╭─ Data to examine

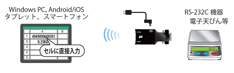 Bluetooth HIDプロファイルに対応。シリアルデータをキーボードイベントに変換して送信するため、Windows、Android、iOS端末で起動している表計算アプリのセルなどへ直接入力できます。
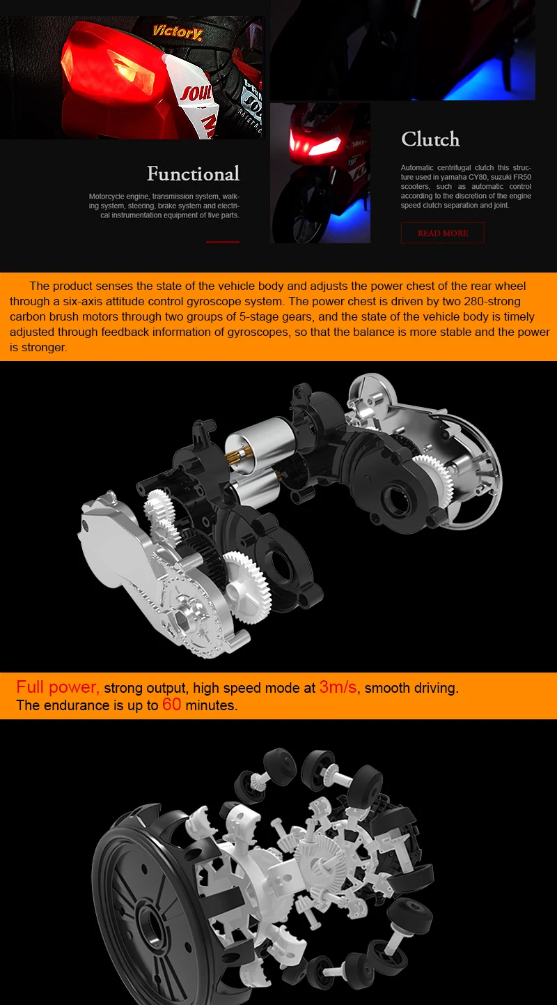 Этот продукт принимает 6-осевой гироскоп ощущать отношение, в результате чего баланс более стабильным и управление проще.
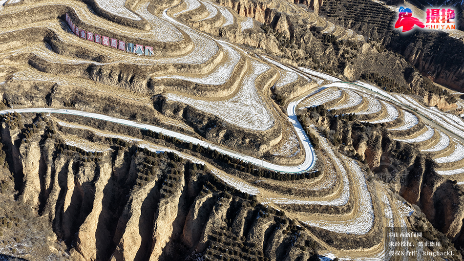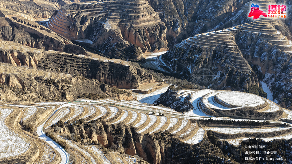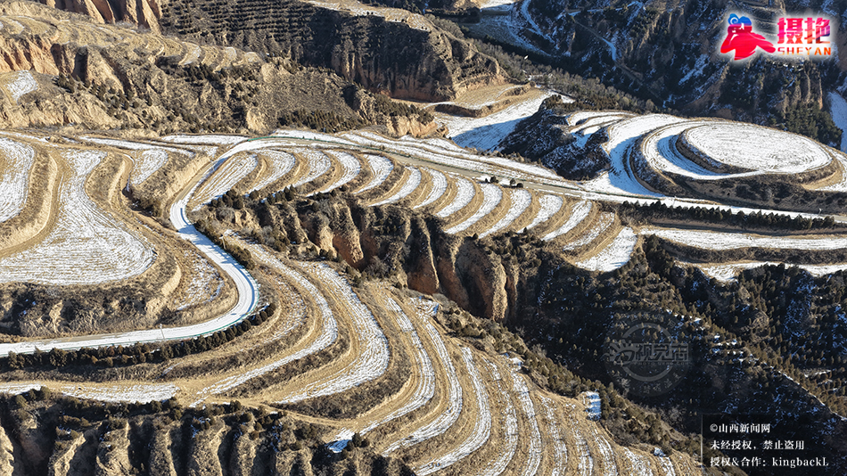 近日,雪后的永和梯田,薄雪轻覆田埂,在沟壑间勾勒出银白弧线。棕褐黄土与素白雪层交错晕染,明暗交织间,厚重黄土地尽显柔和韵律。山风掠过,雪沫游走梯田褶皱,尽显黄土高原独有的冬日肌理,沉默而充满力量。©山西新闻网 发|特约摄影师 李红
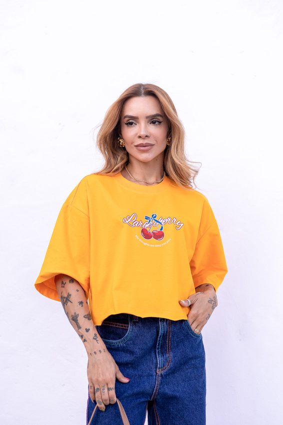 Cropped com modelagem tradicional de camiseta gola'' O''
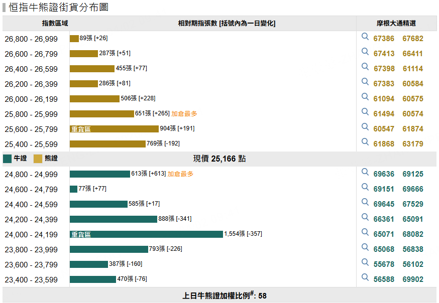 恒指:恒指上日反彈逾500點 資金流向反映投資者或傾向反手造淡 恒指購 23979/沽 22976

╰─

Repeat exactly the lines from the one containing "Cropped com modelagem" to the last line of the data above, both included, and write no pictures into the copy.

Output:
 Cropped com modelagem tradicional de camiseta gola'' O''
 恒指:恒指上日反彈逾500點 資金流向反映投資者或傾向反手造淡 恒指購 23979/沽 22976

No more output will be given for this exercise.